Date in History: 1917 – 1997
Howard Weiss was born on October 12, 1917 in Fort Atkinson. He went on to be one of Fort Atkinson’s all time football greats.
It all began in 1934 when Weiss – handling the running, kicking and sometimes even the passing duties – led the Fort Atkinson Cardinals to its first Southern Six-League championship outscoring its opponents 208-12 during the year. Weiss was an all-around athlete, lettering four years in football, three in basketball, and winning the state junior golf championship in 1934. In 1935 Weiss enrolled at the University of Wisconsin-Madison and joined the Wisconsin Badger football team as a running back. The Fort Atkinson native went on to earn Wisconsin’s Most Valuable Player award in 1937 and again in 1938 when he also took home the Big Ten Conference’s Most Valuable Player Award, the first time that a Badger had ever achieved this recognition. In the 1938 Heismann Trophy balloting Weiss came in sixth.
Fort Atkinson was proud of their native son and on February 12, 1938 one thousand of them showed up at the municipal building to celebrate Howie Weiss Day. Addressing the overflow crowd the 20-year-old Weiss declared “You’ve made me the happiest boy in the world tonight, and you’ve made my mother the happiest mother in the world.” The love affair between athlete and hometown continued the next year when Fort fans piled into trains heading to Chicago to watch Weiss play with the College All-Stars against the NFL champion Washington Redskins. But Weiss was more than a football player.
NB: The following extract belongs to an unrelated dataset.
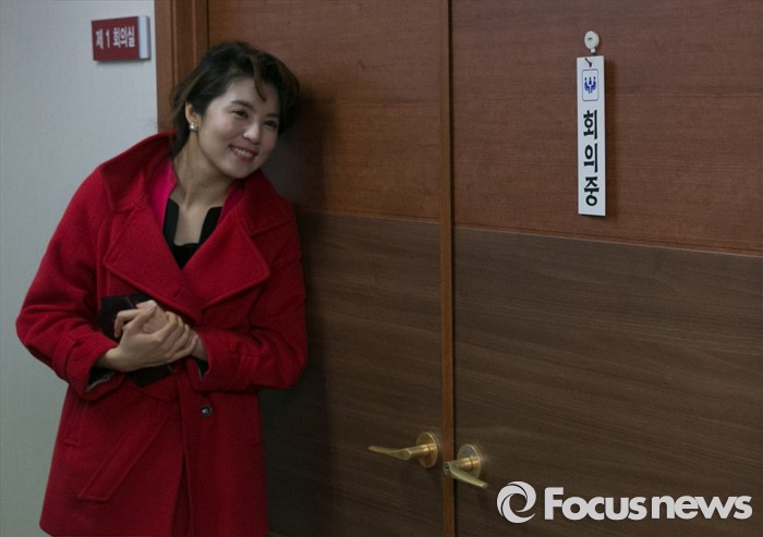 (서울=포커스뉴스) 25일 오전 서울 여의도 새누리당사에서 열린 20대 총선 공천 신청자 면접심사에 참석한 이호열 부산 사하을 예비후보의 부인 오승연 전 아나운서가 남편의 면접을 기다리고 있다.

Elected president of his UW class for the 1938-39 school year, Weiss graduated in June 1939 with a degree in economics. He played for the Detroit Lions for two years but never liked living in Detroit and decided to come back to Wisconsin.
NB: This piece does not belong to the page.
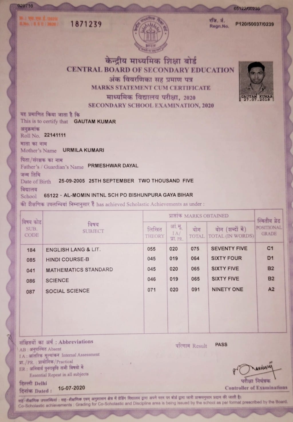 | Exam | Full Marks | Pass Marks | Marks Obtained |

After a stint in the Navy during World War II, Weiss settled in Milwaukee to begin a successful career in insurance. At the young age of 39 he was named president of the Roberts Company, one of Wisconsin’s oldest and largest insurance companies. Weiss and his wife Geraldine involved themselves with Milwaukee’s civic affairs, donating their time and money to the Milwaukee Boys Club, the United Way, and the Milwaukee Art Center.
In 1991 Weiss was one of 35 athletes, coaches and administrators to be inducted into the new University of Wisconsin Athletic Hall of Fame. He died in 1997, one month after his 80th birthday.